An exhibition traveling to the following locations:  

  • Pop-Up during SNAG Conference, Boston - May 20-23, 2015 (details to follow)
  • Crafthaus, online exhibition (excerpts from core exhibition) - June 15 - July 15, 2015
  • Velvet da Vinci, San Francisco, CA - Aug 19 - Sept 20, 2015
  • Equinox Gallery, San Antonio, TX - Oct 16 - Nov 15, 2015
  • Baltimore Jewelry Center, Baltimore, MD - Dec 11, 2015 - Jan 08, 2016
  • Brooklyn Metal Works, Brooklyn, NY - Feb 5 - Mar 4, 2016

Additional venues currently under deliberation.


A garnish can be anything from an adornment that adds or enhances the body (human or animal) to a functional or nonfunctional object that decorates and spices up a room. This exhibition will ask viewers and participants to examine the idea of a garnish made by 2 different subsets of makers who have come together to create an embellishment that satisfies both. We are looking for an element of surprise in the resulting work. Display of humor is encouraged.

1. To provide or supply with something ornamental; adorn; decorate.
2.  To provide (a food) with something that adds flavor, decorative color, etc.
3.  Law
a.  to attach (as money due or property belonging to a debtor) by garnishment; garnishee.
b.  to summon in, so as to take part in litigation already pending between others.

4.  Something placed around or on a food or in a beverage to add flavor, decorative color, etc.
5. Adornment or decoration.
6.  Chiefly British: a fee formerly demanded of a new convict or worker by the warden, boss, or fellow prisoners or workers.

Middle English (in the sense ‘equip, arm’): from Old French garnir, probably of Germanic origin and related to warn.  Sense 1 of the verb dates from the late 17th century.  

2. What are we looking for?
Metalsmith and jewelry artists are asked to form two-person working partnerships.  

Each pairing should consist of a maker who self-describes as “traditional,” the other self-describing as using nontraditional materials and/or decidedly current techniques. In essence: 2 diverse approaches should be clearly evident in the resulting work.
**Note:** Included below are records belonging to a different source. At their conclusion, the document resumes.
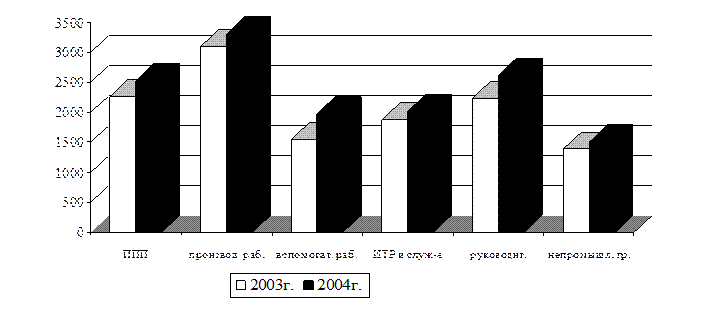 В 2004г. заработной платы ППП на предприятии «ОРМЕТО-ЮУМЗ» увеличилось по сравнению с 2003г. на 271,52 руб. или на 12%. В 2004г. заработной платы производственных рабочих увеличилось по сравнению с 2003г на 216,92 руб. или на 7%. В 2004г. заработной платы вспомогательных рабочих увеличилась по сравнению с 2003г. на 429,39 руб. или на 27,7%. В 2004г. заработной платы ИТР и, в том числе служащих увеличилась по сравнению с 2003г. на 139,24 руб. или на 7,4%. В 2004г. заработной платы руководителей увеличилась по сравнению с 2003г. на 390,23 руб. или на 17,5%. В 2004г. заработной платы непромышленной группы увеличилась по сравнению с 2003г на 118,96 руб. или на 8,6%. В общем заработной платы в 2004г. на предприятии «ОРМЕТО-ЮУМЗ» увеличилась по сравнению с 2003г. на 153462.87руб. или на 1,01%.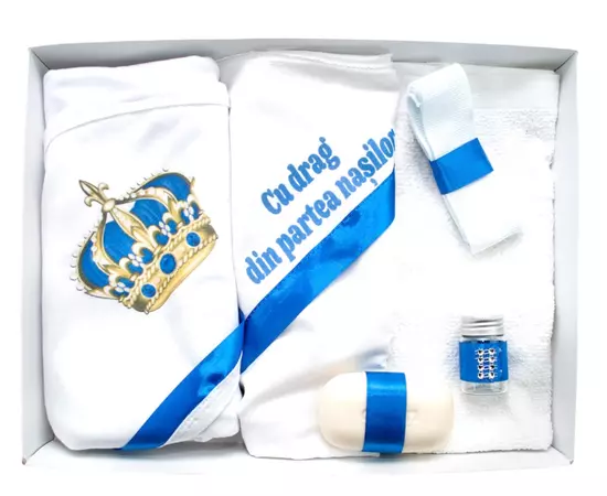 Pentru ca botezul este un eveniment important pentru parinti si nasi, venim in ajutor cu un set care contine toate cele necesare pentru crestinarea bebelusului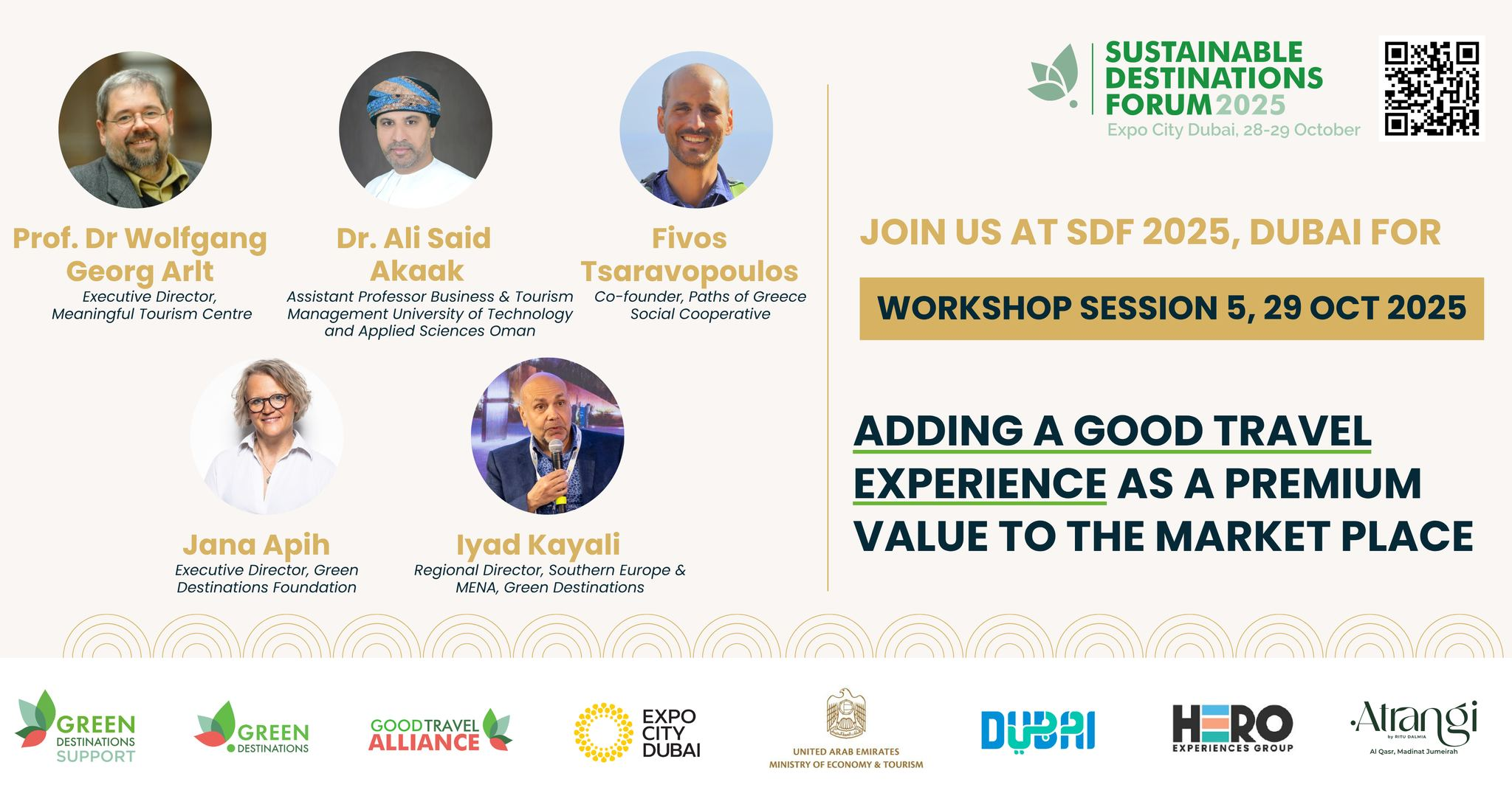 Prof. Dr. Wolfgang Georg Arlt and Dr. Ali Akaak (Meaningful Tourism Trainer for Oman) will speak at the Sustainable Destinations Forum (SDF) 2025 Day 2 Workshop Session 5 titled "Adding a Good Travel Experience as a Premium Value to the Marketplace."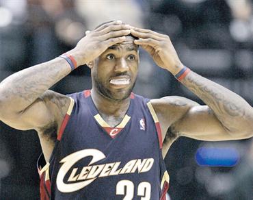 نجم كافالييرز جيمس لم يصدق الهزيمة. أ.ب
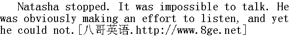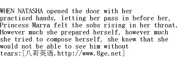 他凝视着她。 "You weep for Nikolushka?" he asked." 你哭尼古卢什卡吗?"他问道。 Princess Marya nodded through her tears. 玛丽亚公爵小姐哭着, 肯定地点点头。 "Marie, you know the Gos ..." he began, but suddenly paused." 玛丽, 你知道《福音》......"但他突然沉默下来。 "What do you say?"" 你说什么?"

Some artists may find it difficult to fit their work within a predefined category, in those cases we suggest they aim to cooperate with an artist whose material choices are decidedly different from their own, i.e. someone works in metals mostly, how about teaming up with an artist who works with fibers predominantly,  enamels - CAD, functional - nonfunctional... The combination possibilities are endless if you are open to new possibilities and experiences.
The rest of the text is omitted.